■ **PROBLEM TO SOLVE**: When duplicating the records beneath this instruction, omit every picture and keep all else exact.

[Data excerpts]
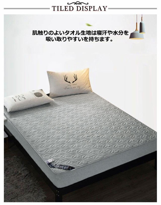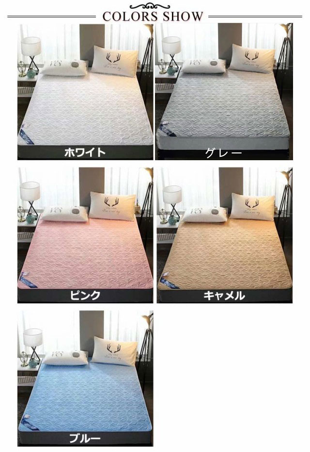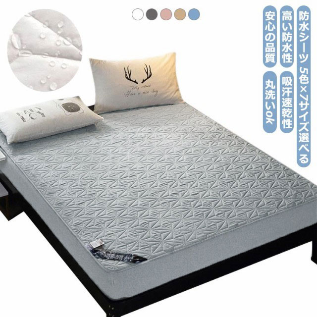 | 【防水シーツ 5色×7サイズ 選べる!】 【高い防水性】 【吸汗速乾性】 【丸洗いok】 【安心の品質】 コーティング加工面の防水性が高く、マットレスに水分は到達しません。 肌触りのよいタオル生地は寝汗や水分を吸い取りやすいを持ちます。 汗をかいても爽やかで、サラッと快適に眠れます。 お手入れ方法が簡単。洗濯機で丸洗いできることで清潔・衛生的に保ちます。 肌触りも良く、敏感肌持ちの方にも安心して使える防水シーツです。 | |
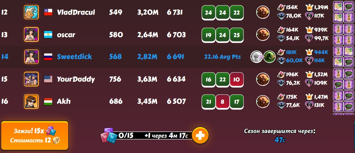 Vovantillo Posted December 11, 2025 Share Posted December 11, 2025 Last week I finished my performance quite calmly (without any surprises) in 14th place. * The next week also started more or less smoothly, and 47 minutes before the end of the league I was calmly sitting in 11th place, although during the league I missed a number of battles due to various circumstances. The real fun for me started at the end, with 5-6 minutes left. I suddenly realized I'd been dropped to 16th place, and I knew I had to do something about it. I still had about 15 fights to play, and zero free attempts. I had to buy six more fights, which I didn't do very well, as my opponents were still fully boosted. Three of the six fights were disastrous, but the remaining three victories were enough to finish the league in 13th place. I'm glad about that. 2 1 1 Link to comment Share on other sites More sharing options...
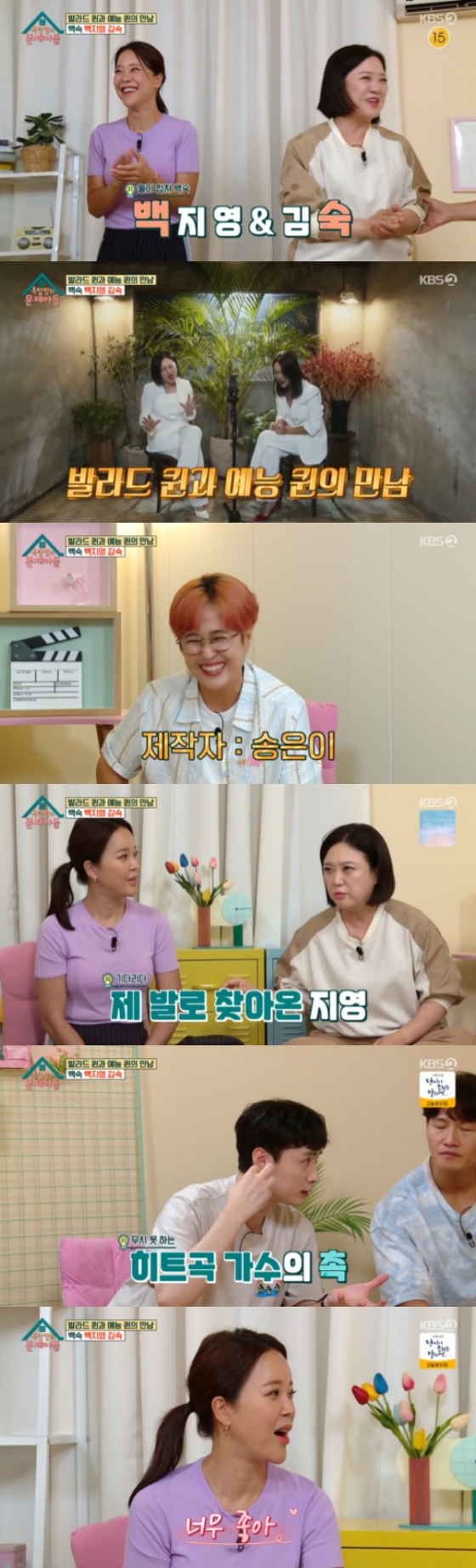 한편 민경훈은 백지영에 "누나는 히트곡이 많은데 감이 왔었냐"고 물었다. 백지영은 "감이 안 좋다"며 히트곡 대부분이 맘에 들지는 않았다고 전해 충격을 안겼다. 김숙은 "백숙의 '그여자가 나야'는 어떻냐"고 물었고 백지영은 "이건 너무 좋아"라고 해 김숙이 실망했다.
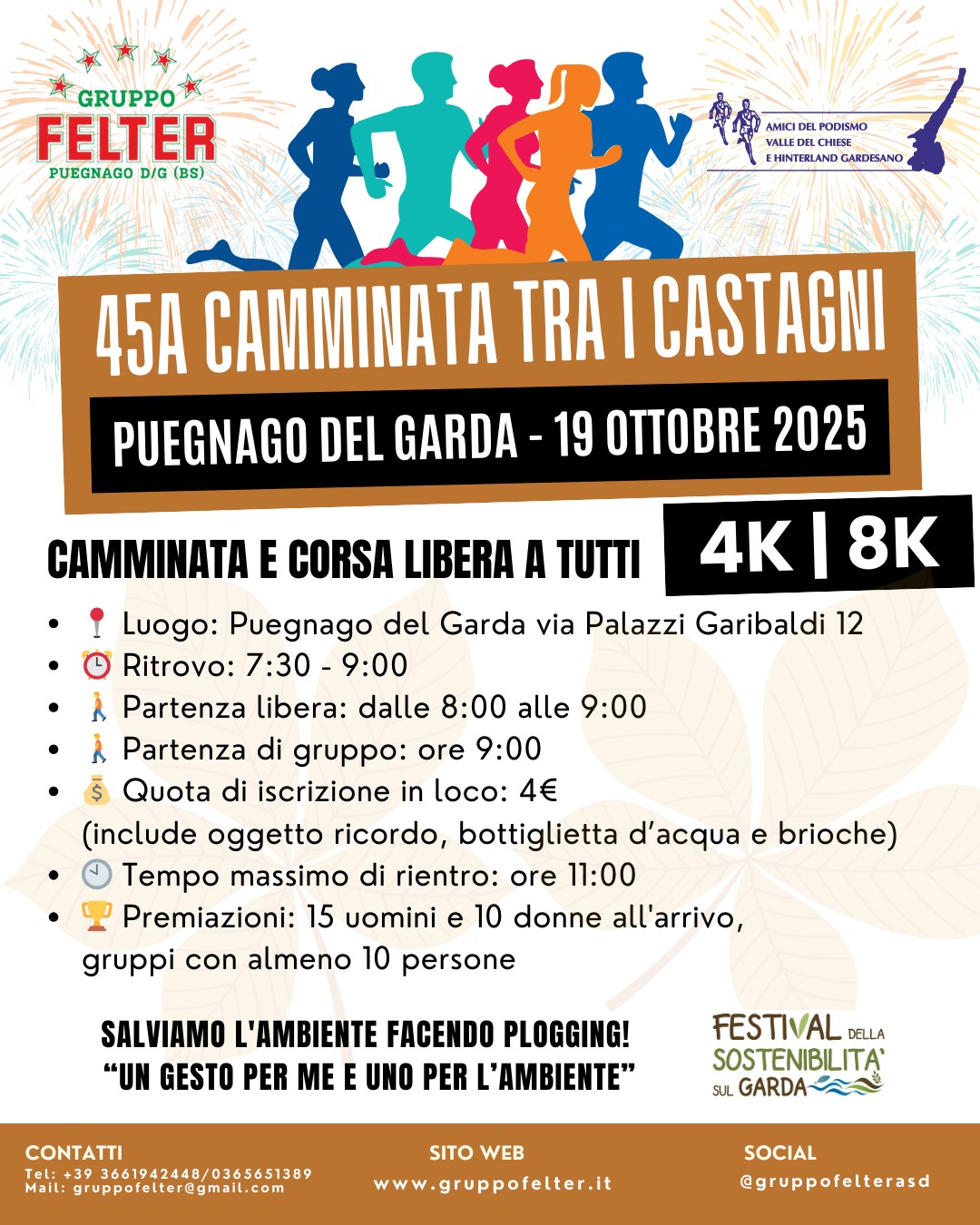 Ritrovo ore 08.00 presso "Felter Sport" - Via Palazzi Garibaldi, 12 - Puegnago del Garda
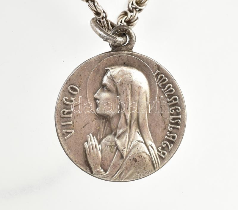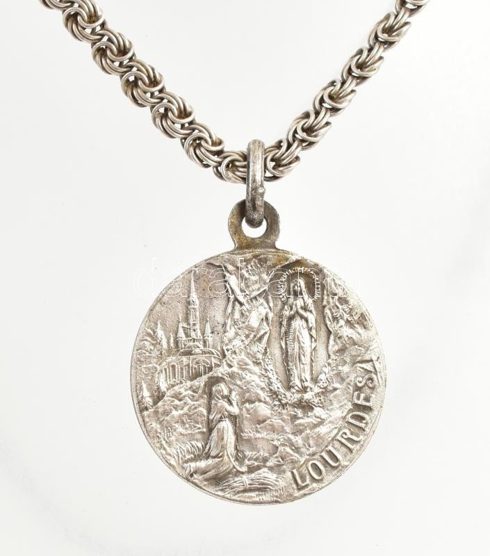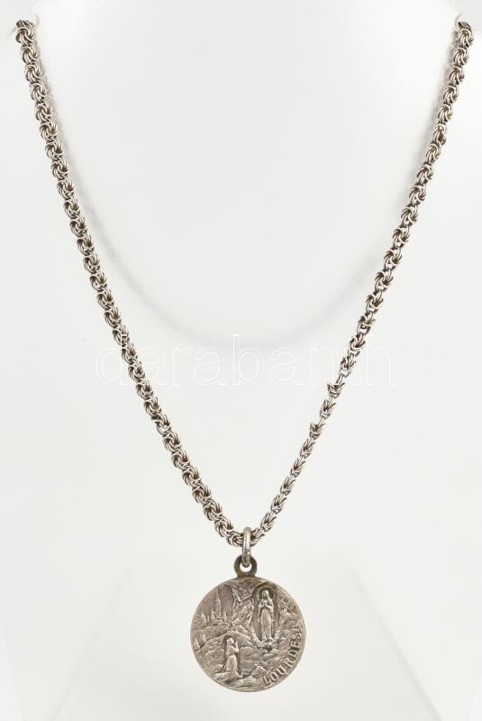 Leírás: Ezüst (Ag) nyaklánc lourdes-i Szűz Mária medállal, jelzett, h: 45 cm, nettó: 16,8 g
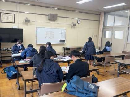 3年生はテスト後に給食を食べて下校となりましたが、放課後学習会に参加して明日以降のテストや入試に向けた勉強に励んでいました。
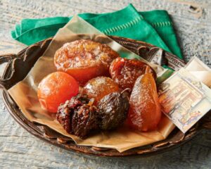 果物に小さな穴を開け、6時間毎に糖度の違う砂糖水に漬け1週間かけて仕上げる看板商品。凝縮された果物の香りと旨みが楽しめ、細かく切って紅茶やグラッパと一緒にどうぞ。
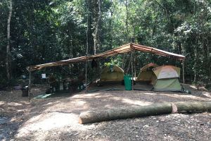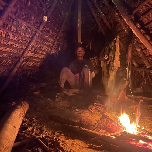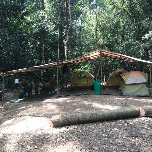 Efter en god nats søvn og morgenmad fortsætter rejsen til base camp i regnskoven. Køreturen tager cirka 6 timer afhængigt af trafikale forhold. Ved ankomst ompakkes bagagen, og jagttøjet iføres. Herfra venter en cirka 2 timers vandring til selve jagtcampen (telt). Så snart base camp forlades, begynder jagten.
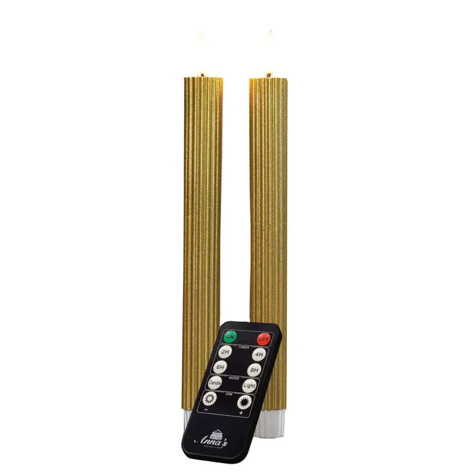 Set van 2 gouden LED dinerkaarsen met ribbelstructuur van Anna’s Collection – 23 cm hoog*Deze set bevat 2 LED dinerkaarsen in een elegante gouden kleur met een rustieke ribbelafwerking. De kaarsen zijn circa 23 cm hoog en stralen een warme, sfeervolle gloed uit zonder open vlam. Ze werken op 2 AA batterijen per kaars (niet inbegrepen) en worden geleverd met een afstandsbediening waarmee je de timer- en dimmerfuncties kunt bedienen. Veilig en stijlvol, perfect voor elke feestelijke gelegenheid.

■ **YOUR SOLUTION**:
 | 【防水シーツ 5色×7サイズ 選べる!】 【高い防水性】 【吸汗速乾性】 【丸洗いok】 【安心の品質】 コーティング加工面の防水性が高く、マットレスに水分は到達しません。 肌触りのよいタオル生地は寝汗や水分を吸い取りやすいを持ちます。 汗をかいても爽やかで、サラッと快適に眠れます。 お手入れ方法が簡単。洗濯機で丸洗いできることで清潔・衛生的に保ちます。 肌触りも良く、敏感肌持ちの方にも安心して使える防水シーツです。 | |
 Vovantillo Posted December 11, 2025 Share Posted December 11, 2025 Last week I finished my performance quite calmly (without any surprises) in 14th place. * The next week also started more or less smoothly, and 47 minutes before the end of the league I was calmly sitting in 11th place, although during the league I missed a number of battles due to various circumstances. The real fun for me started at the end, with 5-6 minutes left. I suddenly realized I'd been dropped to 16th place, and I knew I had to do something about it. I still had about 15 fights to play, and zero free attempts. I had to buy six more fights, which I didn't do very well, as my opponents were still fully boosted. Three of the six fights were disastrous, but the remaining three victories were enough to finish the league in 13th place. I'm glad about that. 2 1 1 Link to comment Share on other sites More sharing options...
 한편 민경훈은 백지영에 "누나는 히트곡이 많은데 감이 왔었냐"고 물었다. 백지영은 "감이 안 좋다"며 히트곡 대부분이 맘에 들지는 않았다고 전해 충격을 안겼다. 김숙은 "백숙의 '그여자가 나야'는 어떻냐"고 물었고 백지영은 "이건 너무 좋아"라고 해 김숙이 실망했다.
 Ritrovo ore 08.00 presso "Felter Sport" - Via Palazzi Garibaldi, 12 - Puegnago del Garda
 Leírás: Ezüst (Ag) nyaklánc lourdes-i Szűz Mária medállal, jelzett, h: 45 cm, nettó: 16,8 g
 3年生はテスト後に給食を食べて下校となりましたが、放課後学習会に参加して明日以降のテストや入試に向けた勉強に励んでいました。
 果物に小さな穴を開け、6時間毎に糖度の違う砂糖水に漬け1週間かけて仕上げる看板商品。凝縮された果物の香りと旨みが楽しめ、細かく切って紅茶やグラッパと一緒にどうぞ。
 Efter en god nats søvn og morgenmad fortsætter rejsen til base camp i regnskoven. Køreturen tager cirka 6 timer afhængigt af trafikale forhold. Ved ankomst ompakkes bagagen, og jagttøjet iføres. Herfra venter en cirka 2 timers vandring til selve jagtcampen (telt). Så snart base camp forlades, begynder jagten.
 Set van 2 gouden LED dinerkaarsen met ribbelstructuur van Anna’s Collection – 23 cm hoog*Deze set bevat 2 LED dinerkaarsen in een elegante gouden kleur met een rustieke ribbelafwerking. De kaarsen zijn circa 23 cm hoog en stralen een warme, sfeervolle gloed uit zonder open vlam. Ze werken op 2 AA batterijen per kaars (niet inbegrepen) en worden geleverd met een afstandsbediening waarmee je de timer- en dimmerfuncties kunt bedienen. Veilig en stijlvol, perfect voor elke feestelijke gelegenheid.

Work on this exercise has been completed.